-- Entries supplied follows --
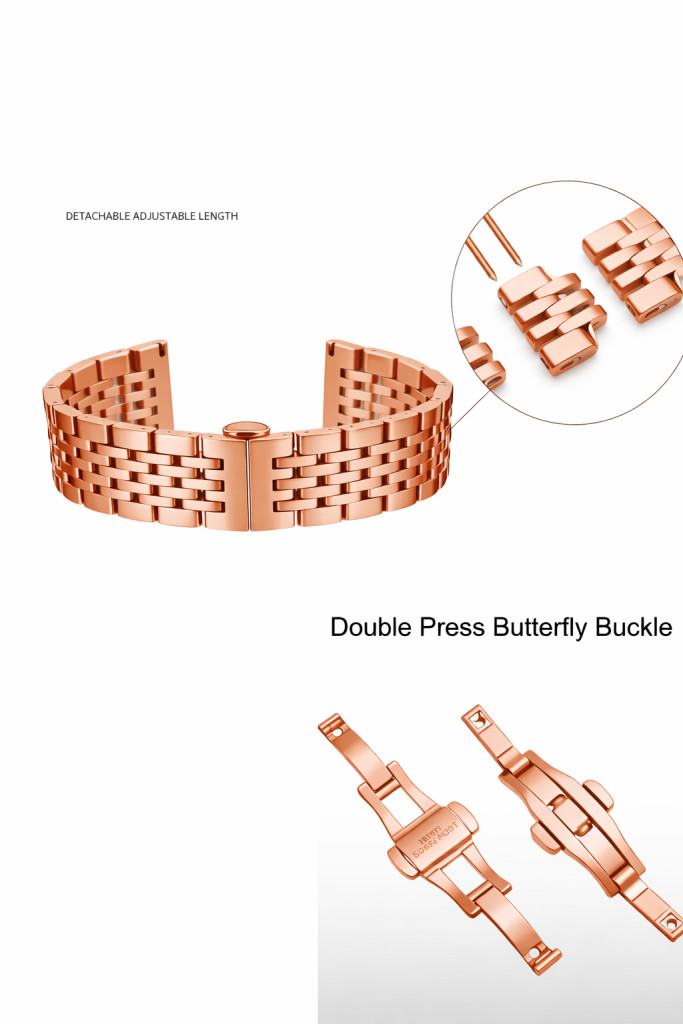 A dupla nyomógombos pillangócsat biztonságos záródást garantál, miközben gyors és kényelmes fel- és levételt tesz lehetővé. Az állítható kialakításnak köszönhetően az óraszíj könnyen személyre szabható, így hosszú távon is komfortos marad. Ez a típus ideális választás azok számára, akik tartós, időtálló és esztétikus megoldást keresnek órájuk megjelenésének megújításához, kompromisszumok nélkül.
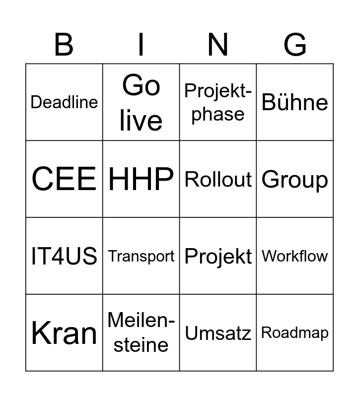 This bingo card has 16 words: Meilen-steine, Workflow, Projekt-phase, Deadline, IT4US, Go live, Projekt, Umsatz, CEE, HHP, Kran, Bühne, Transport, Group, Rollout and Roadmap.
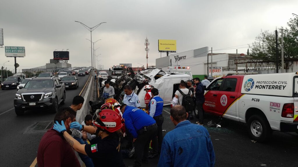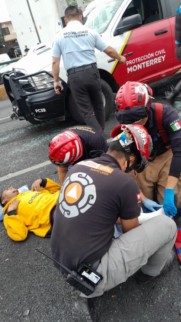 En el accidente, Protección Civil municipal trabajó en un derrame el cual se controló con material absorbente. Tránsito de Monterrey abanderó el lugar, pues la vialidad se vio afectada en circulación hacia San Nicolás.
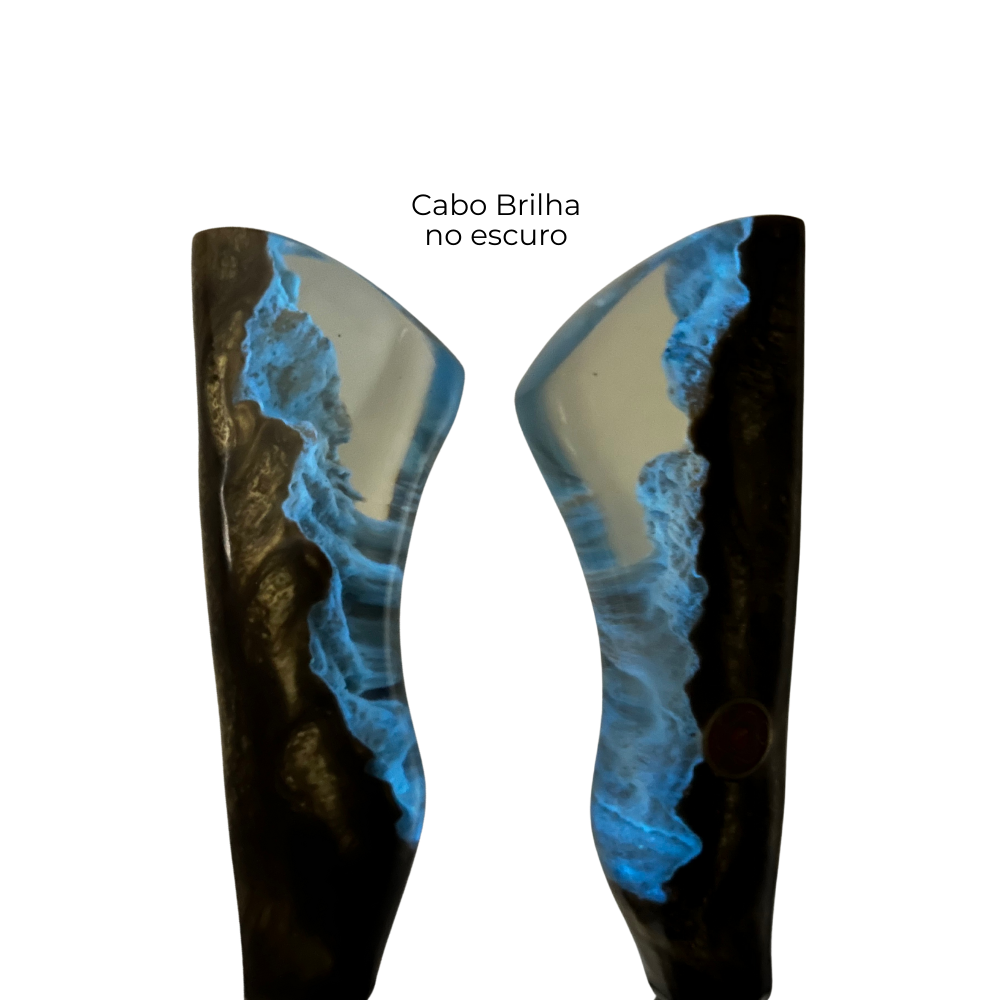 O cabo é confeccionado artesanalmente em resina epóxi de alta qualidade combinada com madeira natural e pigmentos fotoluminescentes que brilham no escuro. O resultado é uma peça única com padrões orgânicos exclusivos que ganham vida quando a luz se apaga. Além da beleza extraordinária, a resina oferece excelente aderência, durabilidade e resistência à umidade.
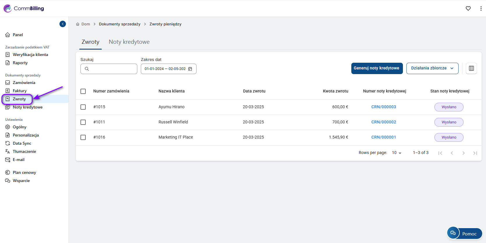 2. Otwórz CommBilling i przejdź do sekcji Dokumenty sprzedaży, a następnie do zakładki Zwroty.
-- Entries supplied concluded --
_Work order_.
Output the data verbatim, images excluded.

_Solution to this problem_.
 A dupla nyomógombos pillangócsat biztonságos záródást garantál, miközben gyors és kényelmes fel- és levételt tesz lehetővé. Az állítható kialakításnak köszönhetően az óraszíj könnyen személyre szabható, így hosszú távon is komfortos marad. Ez a típus ideális választás azok számára, akik tartós, időtálló és esztétikus megoldást keresnek órájuk megjelenésének megújításához, kompromisszumok nélkül.
 This bingo card has 16 words: Meilen-steine, Workflow, Projekt-phase, Deadline, IT4US, Go live, Projekt, Umsatz, CEE, HHP, Kran, Bühne, Transport, Group, Rollout and Roadmap.
 En el accidente, Protección Civil municipal trabajó en un derrame el cual se controló con material absorbente. Tránsito de Monterrey abanderó el lugar, pues la vialidad se vio afectada en circulación hacia San Nicolás.
 O cabo é confeccionado artesanalmente em resina epóxi de alta qualidade combinada com madeira natural e pigmentos fotoluminescentes que brilham no escuro. O resultado é uma peça única com padrões orgânicos exclusivos que ganham vida quando a luz se apaga. Além da beleza extraordinária, a resina oferece excelente aderência, durabilidade e resistência à umidade.
 2. Otwórz CommBilling i przejdź do sekcji Dokumenty sprzedaży, a następnie do zakładki Zwroty.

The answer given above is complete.